On the phone with MHP about the helicopter, Ashley was listening as his men made their move.

"I heard the command of, 'Show me your hands,' he said. "I'm on the phone with MHP, and I say, 'Hold up, we've got him,' then the call comes in that he's under arrest."

Gilliland said in a release that on May 11, 1976, Guillotte's body was found on a private oilfield road. He was naked and had multiple stab wounds and lacerations on his head, neck and torso.

Guillotte had last been seen leaving a bar in the Montrose area of Houston around 1 a.m. Harris County authorities spoke to witnesses and pulled in the Houston Police Department and the Texas Rangers. After "exhaustive work" by Harris County's homicide division, the case went cold.

US Marshals, Wayne County Deputies, and MDWFP officers found a suspect from a 40-year-old Texas cold case in a pup tent in a heavily wooded area this morning.

In July 2014, the Cold Case Unit opened the case and the investigation turned up physical evidence recovered at autopsy that linked Edds to the case. They found that Edds had lived close to the crime scene at the time of the homicide. When they interviewed him this year, Edds denied knowing Guillotte, ever having been at the crime scene, or even knowing about the death. He wasn't able to answer authorities' questions about why there would be physical evidence tying him to the case.

Further investigation revealed that Edds had been charged in 1977 for assaulting a different man with a knife after leaving a Montrose bar. That, authorities said, is in addition to his lengthy criminal history that included homicide, burglary, robbery and various drug, alcohol, weapons charges among other violations.

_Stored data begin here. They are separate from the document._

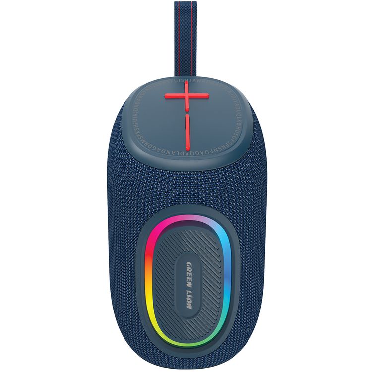 مكبر صوت لاسلكي جرين ليون بريستون برو مع إضاءة RGB، مقاوم للماء بمعيار IPX6، يعمل حتى 7 ساعات، بيس إضافي، راديو FM، سعة بطارية 1200 مللي أمبير - أزرق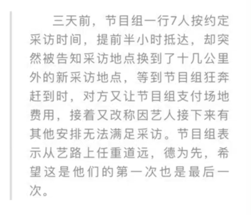 同她的演技一样烂的还有她的人品,吴谨言在爆红后并没有像其他演员一般潜心磨练自我,专研剧本,而是嚣张跋扈不断摆谱儿,将剧中的“脾气爆不好惹”带到了戏外,甚至“耍大牌”耍到了央视跟前,不过央视可不惯着,直接在微博上点名批评,称: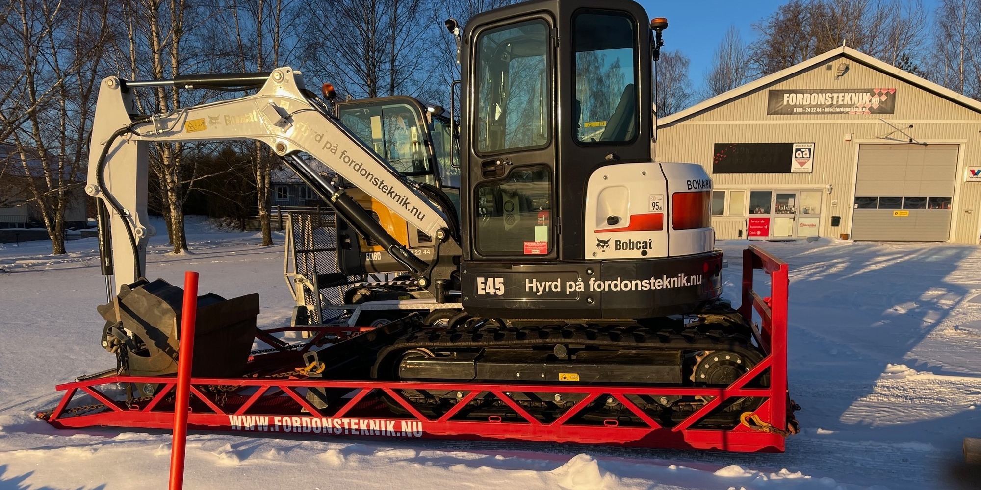 I hyran ingår skopa och transportsläp för maskin.

The underlying question is why Edds came to Mississippi.  Authorities said he has family in Waynesboro.

"We had somewhere to start. We had knowledge that he might be familiar with the area," Gilliland said.

Authorities found Edds when they located a vehicle that turned out to be his. He was camping in a pup tent about 1,000 yards from the car. Ashley said it's unlikely that Edds just happened upon the spot.

Back in his days as a game warden, Ashley said, he remembers people from Texas camping in that area.

"I want to think he's been to this deer camp," Ashley said. "When I pulled up, I told the marshals he had to have been involved in this deer camp. There's no doubt he didn't just pull up there. He's been there before."